I'm not a statistician, and trying to grasp the idea of conditional distribution and GLM for a while now. Somebody suggested I run a GAM, but I read this post saying that a categorical-variables-only gam is essentially a GLM. Is it ok to run LM even though not all of the conditional distributions are normally distributed? Or should I run a GAM? or GLM with family=gaussian
? There is a strong possibility I misunderstood the hole conditional distribution matter altogether.. And if this is the case I would appreciate some direction to relevant sources of information!
--Edit--
Given the much appreciated comments, I would like to add a follow-up question. Fitting a GLM with family=Gamma(link="log")

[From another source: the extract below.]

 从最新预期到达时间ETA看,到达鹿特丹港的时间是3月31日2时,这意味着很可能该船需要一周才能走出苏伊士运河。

does seem more reasonable, and that is what I did:
Call:
glm(formula = DW ~ pheno * treatment + population, family = Gamma(link = "log"),
data = data)
Deviance Residuals:
Min 1Q Median 3Q Max
-2.53916 -0.21793 -0.02238 0.18246 0.93584
Coefficients:
Estimate Std. Error t value Pr(>|t|)
(Intercept) -0.347274 0.122428 -2.837 0.005422 **
pheno6_8 0.373920 0.141367 2.645 0.009353 **
pheno8_10 0.494900 0.141367 3.501 0.000669 ***
treatmentHerbicide -0.538135 0.141367 -3.807 0.000231 ***
populationB -0.087105 0.115426 -0.755 0.452061
populationC 0.006129 0.115426 0.053 0.957750
populationD -0.427240 0.115426 -3.701 0.000335 ***
pheno6_8:treatmentHerbicide 0.702339 0.199923 3.513 0.000642 ***
pheno8_10:treatmentHerbicide 0.736103 0.199923 3.682 0.000359 ***
---
Signif. codes: 0 ‘***’ 0.001 ‘**’ 0.01 ‘*’ 0.05 ‘.’ 0.1 ‘ ’ 1
(Dispersion parameter for Gamma family taken to be 0.1998466)

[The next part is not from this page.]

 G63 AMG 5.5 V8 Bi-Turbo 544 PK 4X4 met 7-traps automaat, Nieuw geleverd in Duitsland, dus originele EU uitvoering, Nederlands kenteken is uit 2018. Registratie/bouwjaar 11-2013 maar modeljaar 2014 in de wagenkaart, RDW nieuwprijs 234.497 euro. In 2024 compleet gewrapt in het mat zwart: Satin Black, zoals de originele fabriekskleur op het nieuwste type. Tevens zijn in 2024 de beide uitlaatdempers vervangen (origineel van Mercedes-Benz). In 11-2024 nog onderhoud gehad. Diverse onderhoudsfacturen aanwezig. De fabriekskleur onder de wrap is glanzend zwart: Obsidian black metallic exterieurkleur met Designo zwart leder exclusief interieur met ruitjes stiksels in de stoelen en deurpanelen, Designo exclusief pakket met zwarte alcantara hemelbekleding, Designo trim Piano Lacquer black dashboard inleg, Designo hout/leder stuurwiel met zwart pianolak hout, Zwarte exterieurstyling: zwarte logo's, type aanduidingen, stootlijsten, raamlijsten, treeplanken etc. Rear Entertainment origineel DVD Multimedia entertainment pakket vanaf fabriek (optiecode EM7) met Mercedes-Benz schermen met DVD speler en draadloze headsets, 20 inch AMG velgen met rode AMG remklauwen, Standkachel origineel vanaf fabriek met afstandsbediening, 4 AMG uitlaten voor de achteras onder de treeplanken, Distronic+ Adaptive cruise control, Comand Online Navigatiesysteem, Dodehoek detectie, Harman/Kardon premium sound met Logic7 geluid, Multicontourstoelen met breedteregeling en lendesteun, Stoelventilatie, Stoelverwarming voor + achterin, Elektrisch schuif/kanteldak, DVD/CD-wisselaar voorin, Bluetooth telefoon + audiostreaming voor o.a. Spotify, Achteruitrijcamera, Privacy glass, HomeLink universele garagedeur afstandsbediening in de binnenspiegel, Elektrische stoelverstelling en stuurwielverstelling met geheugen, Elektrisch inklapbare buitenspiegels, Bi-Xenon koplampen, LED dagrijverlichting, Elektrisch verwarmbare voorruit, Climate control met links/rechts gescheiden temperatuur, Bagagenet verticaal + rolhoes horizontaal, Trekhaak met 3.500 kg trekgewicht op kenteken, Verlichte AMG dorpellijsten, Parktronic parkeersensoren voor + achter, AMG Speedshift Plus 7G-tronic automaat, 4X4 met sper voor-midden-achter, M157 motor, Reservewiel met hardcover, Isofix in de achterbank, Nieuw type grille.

Null deviance: 64.538 on 119 degrees of freedom
Residual deviance: 45.280 on 111 degrees of freedom
AIC: 154.45
Number of Fisher Scoring iterations: 9
Here are some diagnostic plots:
However, when I fit a GLM with family=gaussian(link="identity")
(which is essentially a LM?) the fit appears to be much better:
Call:
glm(formula = DW ~ pheno * treatment + population, family = gaussian(),
data = data)
Deviance Residuals:
Min 1Q Median 3Q Max
-0.50146 -0.14168 -0.02424 0.11672 0.54109
Coefficients:
Estimate Std. Error t value Pr(>|t|)
(Intercept) 0.65541 0.06433 10.187 < 2e-16 ***
pheno6_8 0.30100 0.07429 4.052 9.45e-05 ***
pheno8_10 0.40600 0.07429 5.465 2.87e-07 ***
treatmentHerbicide -0.20995 0.07429 -2.826 0.005588 **
populationB -0.03333 0.06066 -0.550 0.583729
populationC 0.06600 0.06066 1.088 0.278901
populationD -0.20830 0.06066 -3.434 0.000837 ***
pheno6_8:treatmentHerbicide 0.35795 0.10506 3.407 0.000915 ***
pheno8_10:treatmentHerbicide 0.43745 0.10506 4.164 6.21e-05 ***
---
Signif. codes: 0 ‘***’ 0.001 ‘**’ 0.01 ‘*’ 0.05 ‘.’ 0.1 ‘ ’ 1
(Dispersion parameter for gaussian family taken to be 0.05518593)
Null deviance: 17.0922 on 119 degrees of freedom
Residual deviance: 6.1256 on 111 degrees of freedom
AIC: 3.5442
Number of Fisher Scoring iterations: 2
And the same plots for the second model:
Both models are not without problems, especially for those plants of the sensitive population which all died (and resulted in a near-zero DW and small variance), but judging by what I know: lower AIC, the deviance of the residuals, the diagnostic plots.. normal approximation works better. Why is this happening? And which is the correct choice (if any)?